“…so the violence and the unpredictability of the Santa Ana affect the entire quality of life in Los Angeles, accentuate its impermanence, its unreliability . The wind shows us how close to the edge we are.” ~ Joan Didion, Slouching Toward Bethlehem
Los Angeles: People, Places and the Castle on the Hill, A.M. Homes, 2002 — New York-based novelist, short-story writer and memoirest Homes checks into the star-larded Chateau Marmont (where James Belushi overdosed) to get an insider’s, bricks-and-mortar look into L.A. and its celebrity culture.
Where I was from, Joan Didion, 2004 — Didion is the nonfiction poet of California, and her piercing view of the state’s history in light of the 1993 Spur Posse sex scandal scours the state for meaning hidden and latent.

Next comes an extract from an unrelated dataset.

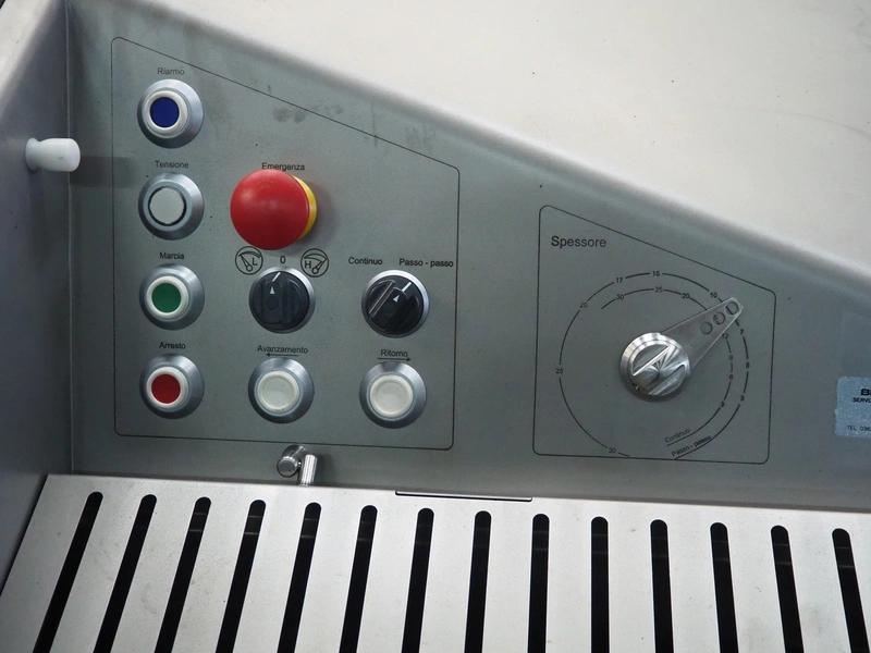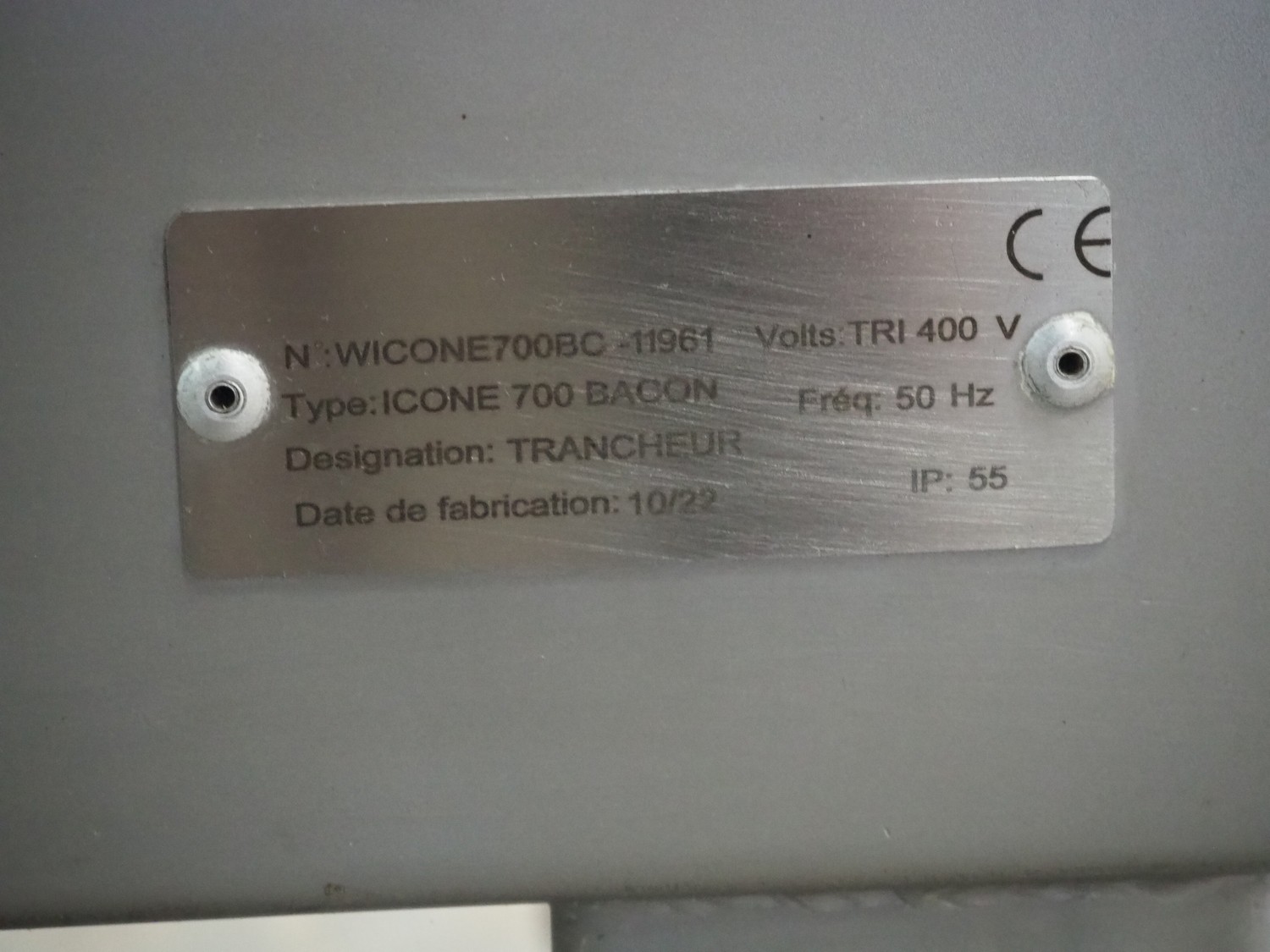 Dadaux mobile slicer, type: Icone 700 Bacon, number: WICNE700BC-11961, year of construction: 10/2022, 400 V, 50 Hz, chamber dimensions: 250 mm x 250 mm x 650 mm, total dimensions: 1800 mm x 1000 mm x 1400 mm.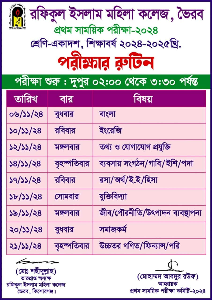 | 6 | 2024-11-02 | ২০২৪-২৫ শিক্ষাবর্ষের পরীক্ষার্থীদের অর্ধ-বার্ষিক পরীক্ষার রুটিন | View Download |

Black Dahlia Avenger: the True Story, Steve Hodel, with a foreword by James Ellroy, 2003 — Former detective Hodel traces the blood-trail of the murder of an innocent extra straight back to the doorstep of his kinky doctor father in this true-crime classic about one of the city’s greatest unsolved mysteries.
The Big Sleep, Raymond Chandler, 1939 — Sure it’s one of the best mysteries of all time, but Chandler sings the rhythm of Los Angeles, the smell of “hard wet rain” on cement, the weight of bougainvillea on the portico of a decadent rich man’s house – and it’s a pleasure to read.
The Loved One, Evelyn Waugh, 1947 — Who knows California better than a detached Englishman? Novelist Waugh’s dead-on satire of Hollywood dissects how Los Angelenos revere their late pets at the “Happier Hunting Ground.”
Greetings from the Golden State, Leslie Brenner, 2001 — Food writer and debut novelist Brenner produces an off-beat Southern California family saga that spans the Kennedy Assassination to the Bush Administration.
Literacy and Longing in LA, Jennifer Kaufman and Karen Mack, 2006 — An amusing chic lit take on modern L.A. about a woman who is torn between two men and her love for reading.